Présentations des plantes des réunions

 

 

Tout savoir (ou presque) sur … 

les racines des orchidées.

 

 

 

Le bon état des racines de nos orchidées est une condition primordiale pour assurer leur développement. S’il ne fallait vérifier qu’une seule chose avant de faire un achat, ce serait bien la qualité du système racinaire : sa vigueur, sa densité, sa santé conditionnent tout l’avenir de la plante.

Que faut-il savoir à leur sujet, pour optimiser leur santé ?

 

Rappelons d’abord qu’environ 25 % des orchidées dans le monde ont une croissance terrestre ; un très petit pourcentage sont saprophytes (croissance dans de la matière organique en décomposition, donc un mode de vie très analogue aux terrestres) ; un faible pourcentage sont lithophytes (croissance sur de la roche, analogue à l’épiphytisme), et la grande majorité des espèces sont épiphytes (croissance sur un autre végétal qui ne sert que de support). Toutes fonctionnent en symbiose avec un champignon spécifique, indispensable à la germination et au développement des plantules. C’est la fameuse « mycorhize ».

La plupart des plantes terrestres présentent un système racinaire central qui s’enfonce dans le sol et y ancre la plante. A partir de cet axe central, de plus petites racines vont se développer, et se ramifier en radicelles souvent couvertes de poils. Cet ensemble souterrain va absorber l’humidité et les nutriments contenus dans le sol. C’est le cas pour les orchidées, aussi bien les espèces tropicales à feuillage persistant (Paphiopedilum, Arundina …) que les espèces des climats tempérés qui passent la mauvaise saison sous la forme d’un rhizome ou d’un tubercule souterrain en dormance (Cypripedium, Ophrys, Bletilla …). Je ne vous en parlerai pas plus ici, et vais me concentrer sur la majorité de nos petites protégées.

 

Les racines des espèces épiphytes.

Au fil de leur évolution, les plantes épiphytes ont quitté le sol trop ombragé des sous-bois et sont allées chercher la lumière en hauteur, parfois directement sous la canopée. Ce milieu extrême a imposé des adaptations très spéciales à leur système racinaire : sur un support aérien, celui-ci est soumis à des ensoleillements et à  des arrosages variables, et à une exposition au vent constante. 

Le centre d’une racine d’orchidée épiphyte, qui fait circuler les aliments, est une espèce de câble assez solide, recouvert de deux ou trois couches épaisses de cellules mortes. Ces cellules constituent un voile  spongieux (hygrophile et aéré à la fois) qui permet à la racine de se passer des petits poils que l’on trouve chez les espèces terrestres. 

 

Ce voile, le fameux « velamen », exerce de multiples actions. 

D’abord, il permet au épiphytes de se fixer sur leur support. Au contact de l’écorce (ou du pot), la couche superficielle des cellules devient adhérente, et fixe très solidement la plante à son support. Ces cellules ne se développent pas sur les surfaces purement aériennes des racines.

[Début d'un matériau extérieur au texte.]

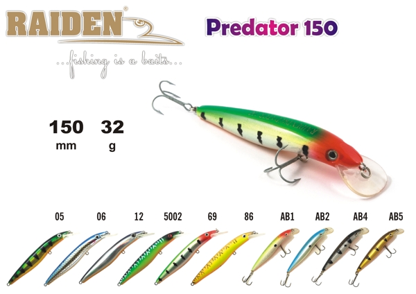 Predator - один из самых уловистых воблеров в модельном ряду Raiden. Обладает активной размашистой игрой, благодаря чему отлично ловит, как по теплой, так и по холодной воде. Линейка состоит из четырех размеров, что позволяет подобрать приманку под любую степень активности и размер рыбы. Плавающий. Акустический. Predator 85 - заглубление при ловле в заброс от 0,6 до 1,5 м, при троллинге от 0,8 до 1,8 м, Predator 100- заглубление при ловле в заброс от 1,0 до 2,2 м, при троллинге от 1,5 до 2,8 м, Predator 125 - заглубление при ловле в заброс от 1,2 до 2,5 м, при троллинге от 1,8 до 3,5 м, Predator 150 - заглубление при ловле в заброс от 1,5 до 3,0 м, при троллинге от 2,0 до 4,5 м.
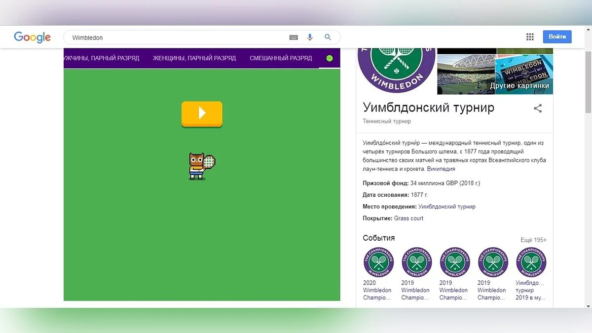 Для того, чтобы сыграть в своеобразный рескин пинг-понга, нужно набрать в поисковике Wimbledon. Сразу под строкой появится таблица с итогами матчей, а в середине таблицы будут категории — выбранной категорией изначально будет «Мужчины, одиночный разряд». Категории нужно листать вправо (взять мышкой и тянуть справа налево) до упора, пока в категориях не появится маленький зелёный (теннисный) мячик. На него и нужно нажать.
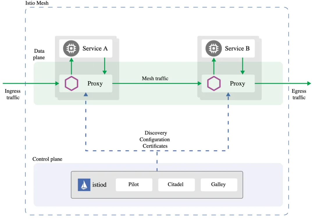下面的图表摘自 Istio 体系结构文档,尽管提到的技术是特定于 Istio 的,但组件对于所有服务网格实现都是通用的。
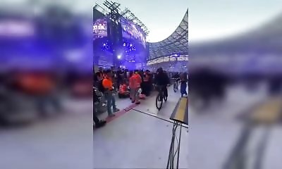 Pendant un concert de Jul, une femme se retrouve (par erreur ?) sur la piste où des BMX effectuent leurs figures. Elle court et gêne la performance. L’un des stuntriders ne ralentit pas et l’éjecte franchement d’un coup ...

Ensuite, il agit comme un buvard, en stockant l’humidité captée à l’occasion des averses parfois violentes mais brèves ; la racine peut ainsi absorber le liquide à son rythme. Il absorbe aussi la rosée, et dans les forêts de brouillard, il peut même capter la forte humidité atmosphérique du matin, en saison sèche (le « repos absolu » de nombreuses espèces est donc assez relatif). 

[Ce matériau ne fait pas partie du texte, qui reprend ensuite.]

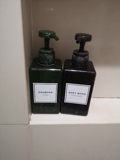 Kamar lumayan spacious, bersih jugaa. Cakep & nyaman pol. Udah dapet fasilitas yg hampir sama kaya hotel, bahkan di kamar jg ada kulkas mini, TV android, & dispenser air🥹👍🏻. Disediain kopi & teh jugaa. Cuma memang dispenser air panasnya lagi rusak kayanya(?), tp bisa masak air sendiri ke dapurnya kalo memang butuh.

Bien sûr, les racines véhiculent à travers la plante les aliments apportés par la pluie et le vent (petits débris végétaux, restes d’insectes), mais elles stockent même quelques surplus (surtout les amidons). Les réserves énergétiques contenues dans des racines charnues suffisent parfois à reconstituer une plante qui a perdu toute sa végétation ; les Phalaenopsis supposés morts produisent parfois une nouvelle pousse sur les derniers morceaux de tige sains, pourvu que les racines soient en bon état.

Le velamen isole aussi la racine de l’air ambiant et limite sa transpiration, donc l’évaporation, en période de grandes chaleurs. La nuit, il participe aux échanges gazeux réclamés par la photosynthèse, et assure donc une part de la respiration de la plante. Certaines racines aériennes sont même porteuses de chlorophylle et participent un peu à la photosynthèse diurne. C’est pourquoi les pots transparents (en l’absence de cache-pots !) sont un choix acceptable, mais sans impératif.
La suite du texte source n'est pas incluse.